Kubernetes
Container orchestration: declare the desired state of your workloads and K8s continuously reconciles reality toward it — scheduling, scaling, healing, and networking containers across a cluster.
Core Objects
- Pod — smallest unit; one or more tightly-coupled containers sharing network/storage. Ephemeral.
- ReplicaSet — keeps N identical pods running.
- Deployment — manages ReplicaSets; declarative rollouts + rollbacks.
- Service — stable virtual IP/DNS in front of a set of pods (
ClusterIP,NodePort,LoadBalancer). - Ingress — HTTP(S) routing + TLS into Services (via an ingress controller).

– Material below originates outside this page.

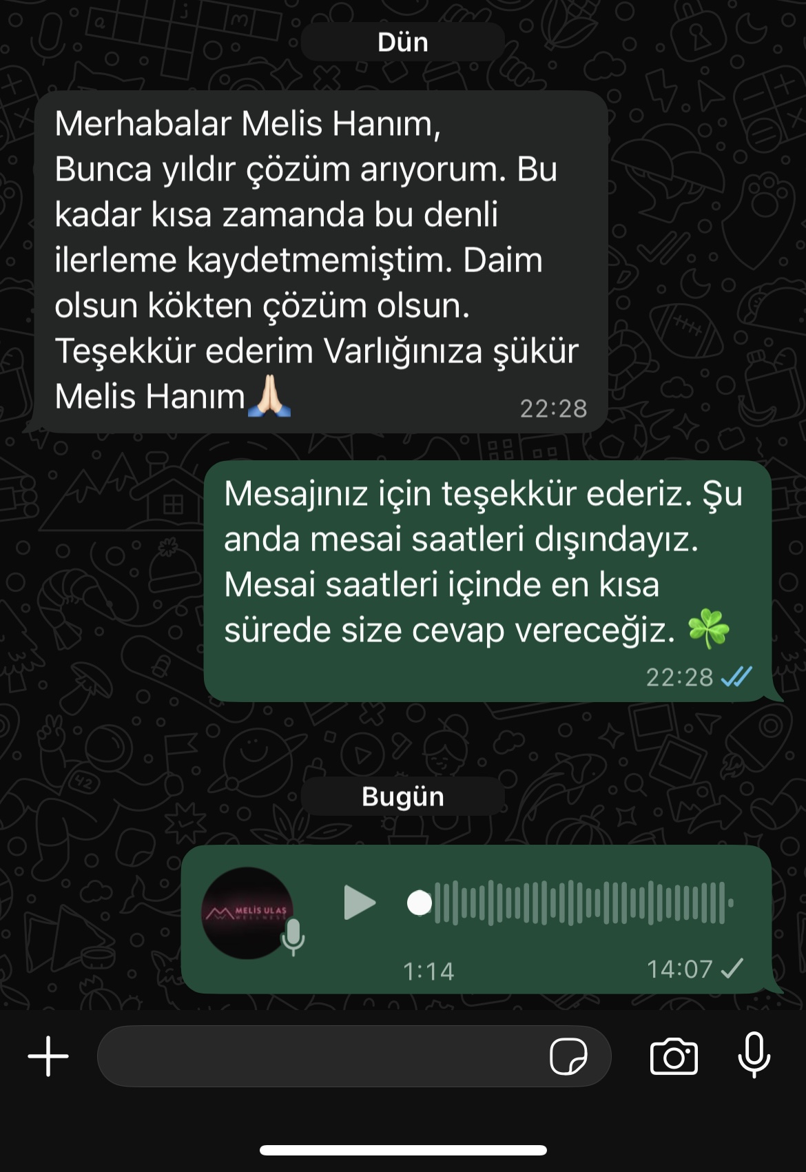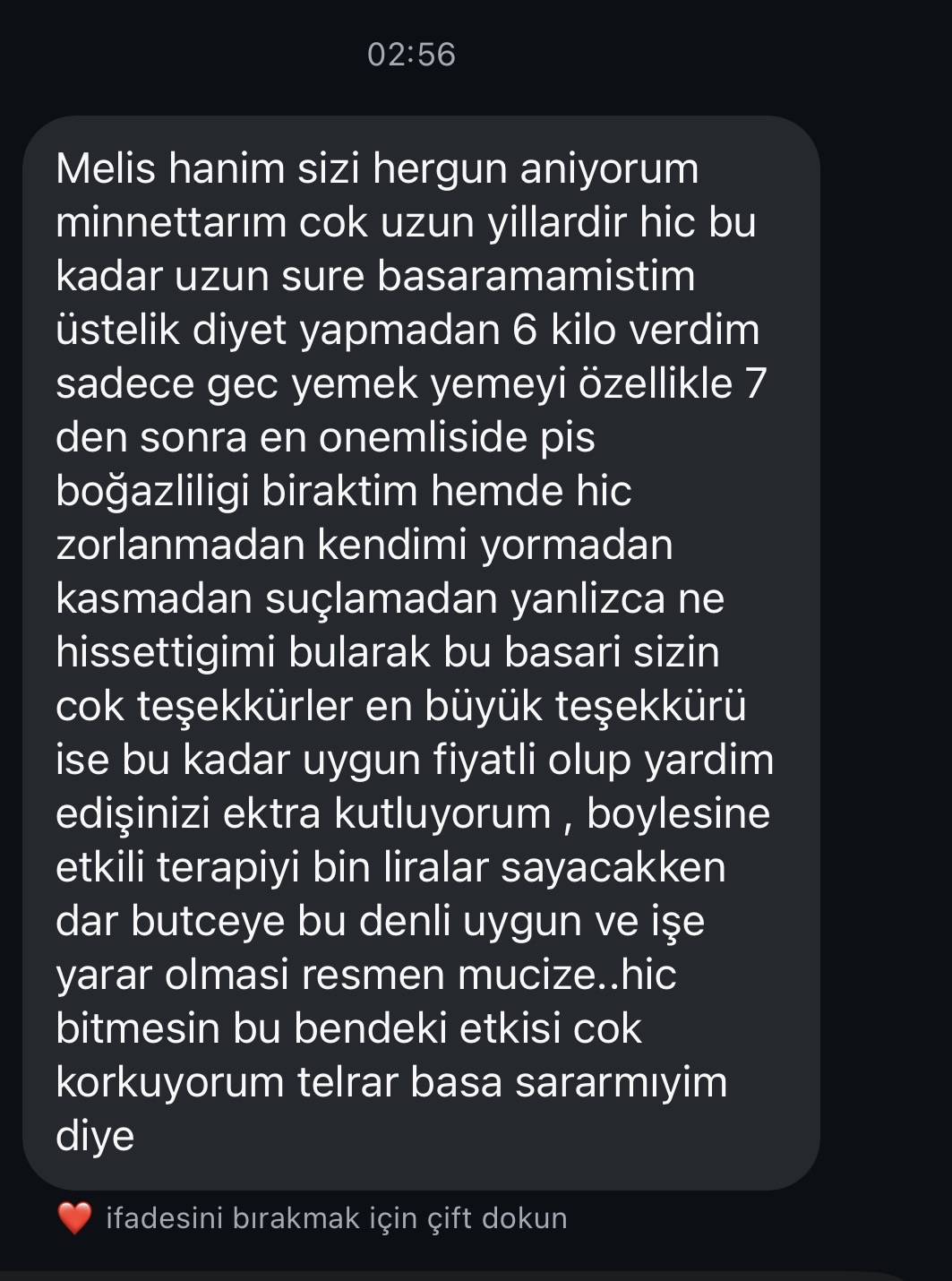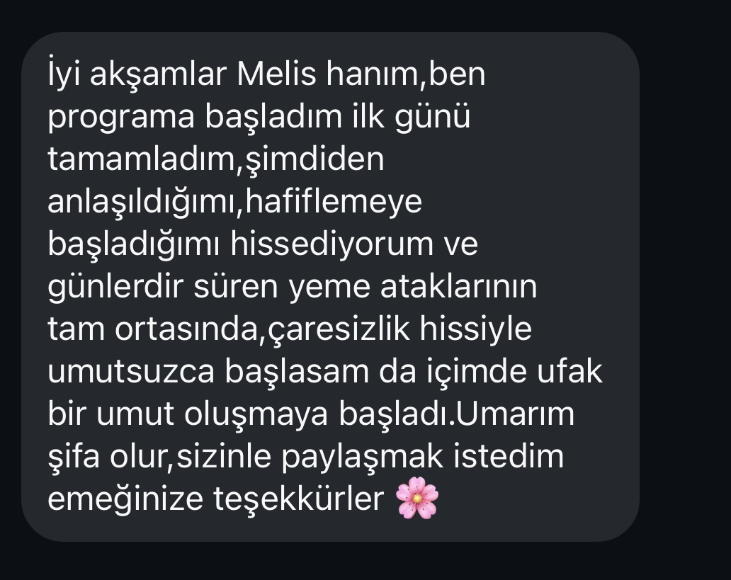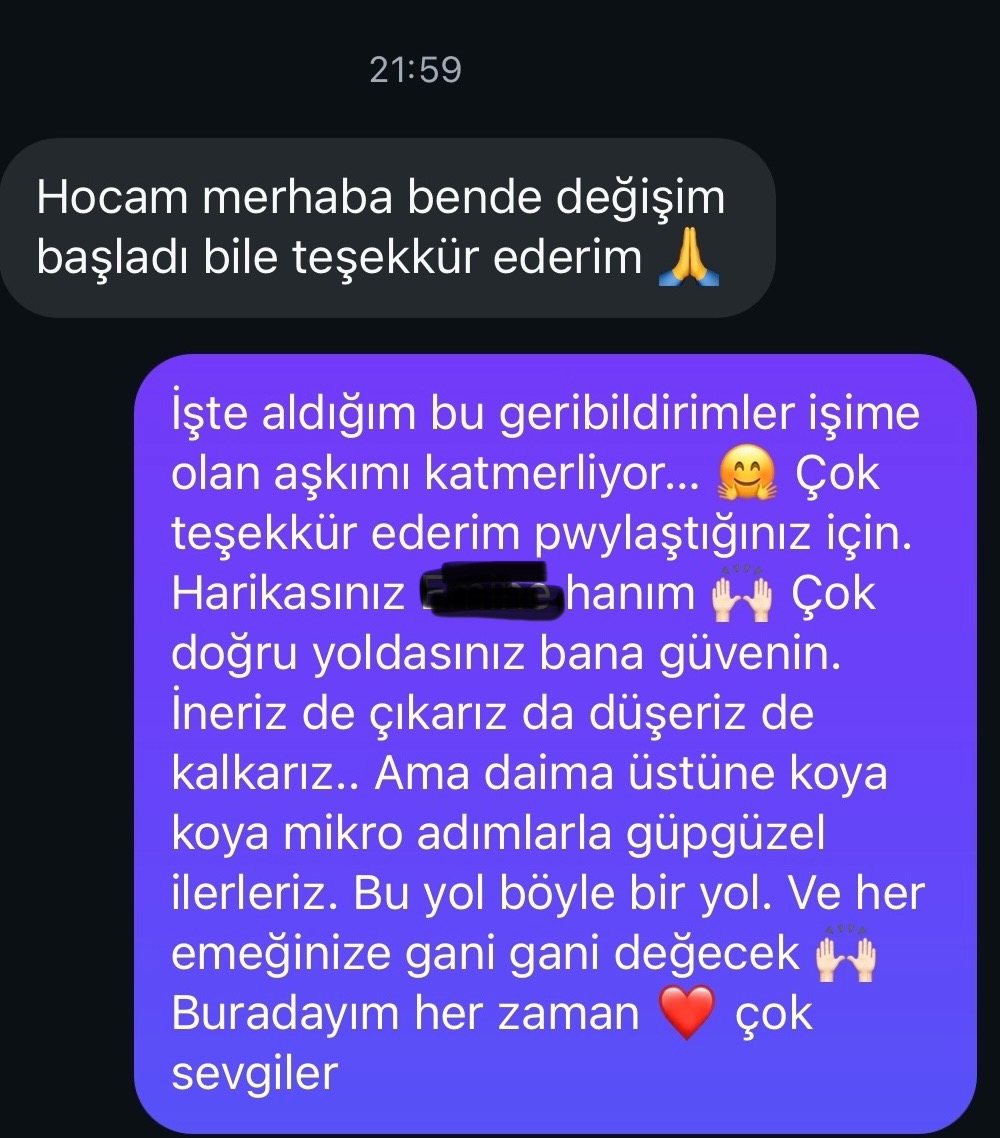 "Melis'le çalışmak ilk günden itibaren çok farklı bir yolculuk oldu benim için. Melis'in tüm samimi ve içten yaklaşımı ile beni gerçekten anladığını hissettikçe kendimi açabildim ve aldığım ipuçlarını uyguladıkça yaşamımdaki farklılıkları hissetmeye başladım."

- ConfigMap / Secret — externalized config and sensitive values.
- Namespace — virtual cluster partition for multi-tenant/env isolation.
flowchart TB I[Ingress] --> S[Service] S --> P1[Pod] & P2[Pod] & P3[Pod] D[Deployment] -.manages.-> RS[ReplicaSet] -.creates.-> P1
Reconciliation Loop
The control plane (API server, scheduler, controller-manager, etcd) watches desired vs actual state and acts. You change desired state declaratively; controllers do the rest.
Scaling & Health
- HPA — Horizontal Pod Autoscaler scales pods on CPU/memory/custom metrics.
- Liveness / readiness / startup probes — restart unhealthy pods, gate traffic until ready.
- Requests/limits — schedule and cap pod resources.
kubectl
kubectl get pods -n my-ns
kubectl describe pod <name>
kubectl logs -f <pod> [-c container]
kubectl apply -f deploy.yaml
kubectl rollout status deploy/my-app
kubectl rollout undo deploy/my-appOn AWS & Tooling
- EKS — managed Kubernetes control plane; pair with Fargate or managed node groups.
- Helm — package manager (charts) for templated releases.
- Manifests are usually GitOps-managed (Argo CD, Flux).
Do you need it?
Kubernetes is powerful but operationally heavy. For most AWS services, ECS & Fargate or Lambda deliver the outcome with far less overhead. Choose K8s for portability or a rich ecosystem need.